Compare GPU Cloud Pricing for LLM Inference Workloads
April 08, 2026
LLM inference cost comes down to three variables: model size, throughput, and GPU memory efficiency. If you're trying to figure out which GPU cloud tier makes sense for your chatbot, RAG pipeline, or API backend, those three factors tell you more than any hourly rate table.
If you're currently overpaying, it's usually because you're sizing to worst-case VRAM needs instead of optimizing batch utilization.
GMI Cloud offers H100 SXM and H200 SXM with pre-configured TensorRT-LLM and vLLM environments, so you can benchmark your specific workload before committing.

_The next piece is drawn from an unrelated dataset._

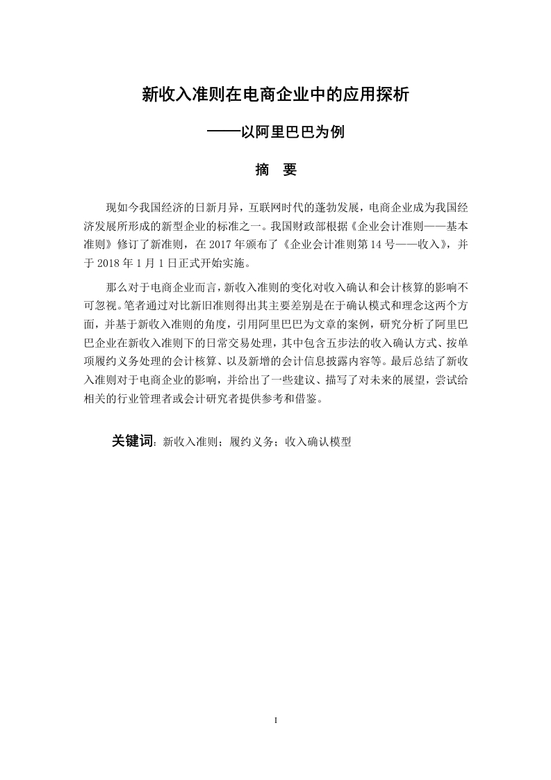 新收入准则在电商企业中的应用探析以阿里巴巴为例摘要现如今我国经济的日新月异,互联网时代的蓬勃发展,电商企业成为我国经济发展所形成的新型企业的标准之一。我国财政部根据《企业会计准则一一基本准则》修订了新准则,在2017年颁布了《企业会计准则第14号一一收入》,并于2018年1月1日正式开始实施。那么对于电商企业而言,新收入准则的变化对收入确认和会计核算的影响不可忽视。笔者通过对比新旧准则得出其主要差别是在于确认模式和理念这两个方面,并基于新收入准则的角度,引用阿里巴巴为文章的案例,研究分析了阿里巴巴企业在新收入准则下的日常交易处理,其中包含五步法的收入确认方式、按单项履约义务处理的会计核算、以及新增的会计信息披露内容等。最后总结了新收入准则对于电商企业的影响,并给出了一些建议、描写了对未来的展望,尝试给相关的行业管理者或会计研究者提供参考和借鉴。关键词:新收入准则:履约义务:收入确认模型Analysis on The Application of The New Income Standard inE-commerce EnterprisesAbstractNowadays,with the rapid development of China's economy and the vigorous development ofthe Internet era,e-commerce enterprises have become one of the standards of new enterprisesformed by China's economic development.China's Ministry of Finance revised the new standardsin accordance with the accounting standards for business enterprises-basic standards,and issuedthe accounting standards for Business Enterprises No.14-income in 2017,which was officiallyimplemented on January 1,2018.So for e-commerce enterprises,the impact of the change of new revenue standard on revenuerecognition and accounting can not be ignored.By comparing the new and old standards,theauthor concludes that the main difference lies in two aspects:recognition mode and concept.Based on the perspective of the new income standards,the author uses Alibaba as an example tostudy and analyze the daily transaction processing of Alibaba enterprises under the new incomestandards,which includes five steps of revenue recognition,accounting by single performanceobligation,and New accounting information disclosure content,etc.Finally,it summarizes theimpact of the new income standard on e-commerce enterprises,gives some suggestions,describesthe future prospects,and tries to provide reference for relevant industry managers or accountingresearchers.Key words:new revenue standard;Performance obligation;revenue recognition model目录Abstract....................................................................II(一)研究背景、目的和意义11.研究背景12.研究目的13.研究意义1(二)研究方法和途径2(三)文献综述222.国外文献综述二、新收入准则概述3(一)新收入准则的实施背景42.从会计核算方面看4(二)新收入准则的内涵1.收入确认…2.收入计量.53.特定交易的会计处理…54.信息披露5(四)新旧收入准则的差异比较。61.收入确认模型不同…62.收入确认时点不同.。73.对特定交易事项的规定不同..。84对信息披露的规定不同8三、案例分析一一以阿里巴巴为例·9(三)新旧收入准则下收入确认时间的判定标准10(四)新旧收入准则下会计核算上的区别。10(五)新旧收入准则下的财务报表与信息披露..。11四、新收入准则为电商企业交易带来的影响,12(一)对收入确认方式的影响.12(二)对会计核算的影响.12(三)对企业财务报表的影响..12五、结论…13(一)研究结论13(二)意见及建议.13(三)研究展望…13参考文献…14致谢15

The Cost Structure of LLM Serving
Serving LLMs efficiently isn't like running a standard web API. Three resource constraints shape your cost profile: VRAM capacity, decode throughput, and request concurrency.

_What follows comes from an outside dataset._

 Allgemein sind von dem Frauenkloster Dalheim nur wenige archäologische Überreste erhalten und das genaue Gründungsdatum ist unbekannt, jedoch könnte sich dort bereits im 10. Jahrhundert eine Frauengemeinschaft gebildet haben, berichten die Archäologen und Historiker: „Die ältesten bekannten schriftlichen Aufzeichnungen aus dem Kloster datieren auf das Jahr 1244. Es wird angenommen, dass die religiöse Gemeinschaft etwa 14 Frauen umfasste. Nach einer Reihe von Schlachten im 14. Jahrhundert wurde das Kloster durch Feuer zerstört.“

VRAM capacity determines which models you can run at all. Llama 3 70B in FP16 needs roughly 140 GB of VRAM — that's the H200's full 141 GB. In FP8 or INT8 quantization, you can fit it on two H100s or one H200. Model weights are just the starting point; KV-cache memory grows with sequence length and concurrent requests.
KV-cache memory per request can be estimated with this formula: KV per request = 2 × num_layers × num_kv_heads × head_dim × seq_len × bytes_per_element. For Llama 2 70B (80 layers, 8 KV heads, 128 head_dim) in FP16 at a 4K context, that's approximately 0.4 GB per concurrent request.
If you're handling 20 simultaneous requests, you need 8 GB just for KV-cache on top of the model weights.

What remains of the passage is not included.